Problem 4.3
a.Using R, load the data, check the variables, and find those that you will need to create a contingency table for showing top choice of water versus their usual water source. Label your rows and columns. Include as many additional code chunks and explanation areas as needed
df <- read.csv("WaterTaste.csv")
ls(df)
## [1] "Age" "Class" "FavBotWatBrand" "First"
## [5] "Fourth" "Gender" "Preference" "Second"
## [9] "Third" "UsuallyDrink"
I used ls to first verify the variables in the data frame.
df$First <- as.factor(df$First)
df$UsuallyDrink <- as.factor(df$UsuallyDrink)
Changing the variables we are testing from characters to factors.

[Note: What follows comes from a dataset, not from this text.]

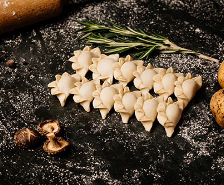 Описание: Хотите вкусных вареников с картофелем и грибами? Попробуйте вареники с картофелем и грибами ручной лепки. В составе только натуральные продукты. Тонкое тесто и щедрая порция картофельно-грибной начинки делают вареники невероятно сытными. Приготовьте наши вареники с картофелем и грибами на ужин, это вкусно, быстро и очень просто!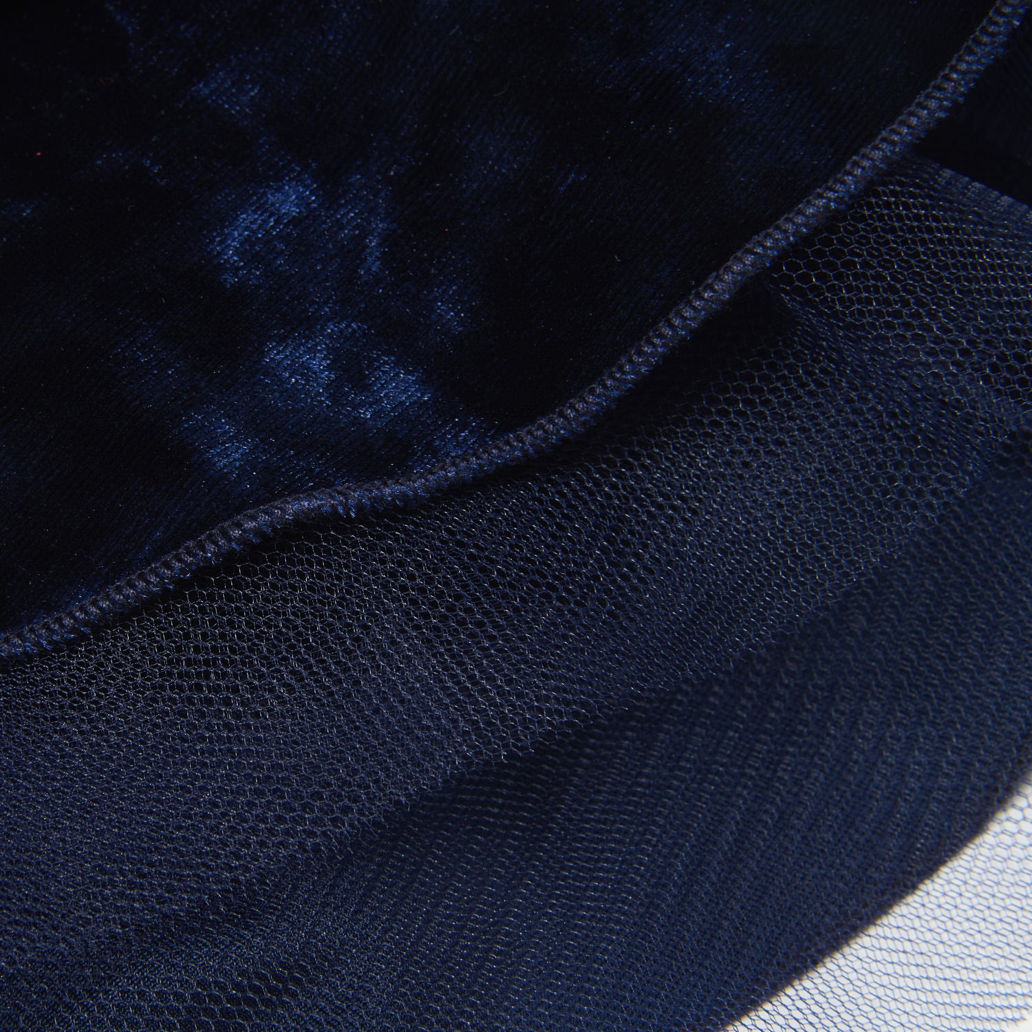 Paired with the blouse is a deep navy blue velvet tutu skirt, composed of 92% polyester and 8% elastane for a luxurious yet comfortable fit. Layered over tulle (100% polyamide), the skirt creates a voluminous silhouette that twirls with every step, making it perfect for special occasions and dress-up moments.

contTable <-table(df$First, df$UsuallyDrink)
(contTable)
##
## Bottled Filtered Tap
## Aquafina 14 4 7
## Fiji 15 10 16
## SamsChoice 8 9 7
## Tap 4 3 3
Putting the two variables we are testing, the first choice of water and the water that is usually drank into a table.
H0:The distribution of the first water choice and the usually water drank are independent of each other.
Ha:The distribution of the first water choice and the usually water drank are dependent on each other.
chisq.test(contTable)
## Warning in chisq.test(contTable): Chi-squared approximation may be incorrect
##
## Pearson's Chi-squared test
##
## data: contTable
## X-squared = 4.9725, df = 6, p-value = 0.5473
One limitation that occurred is that above the Chi-squared test a warning message popped up, Chi-squared approximation may be incorrect, which could mean the values are wrong. Another limitation is that there should be at least 6 observations for each value in the table, but some of them for the tap water is below 6, so that is another limitation.
Since the p-value is greater than 0.05, we reject the null hypothesis which means that the first choice of water and the water usually drank are dependent on each other. Since they are dependent on each other there is a coorelation between the two.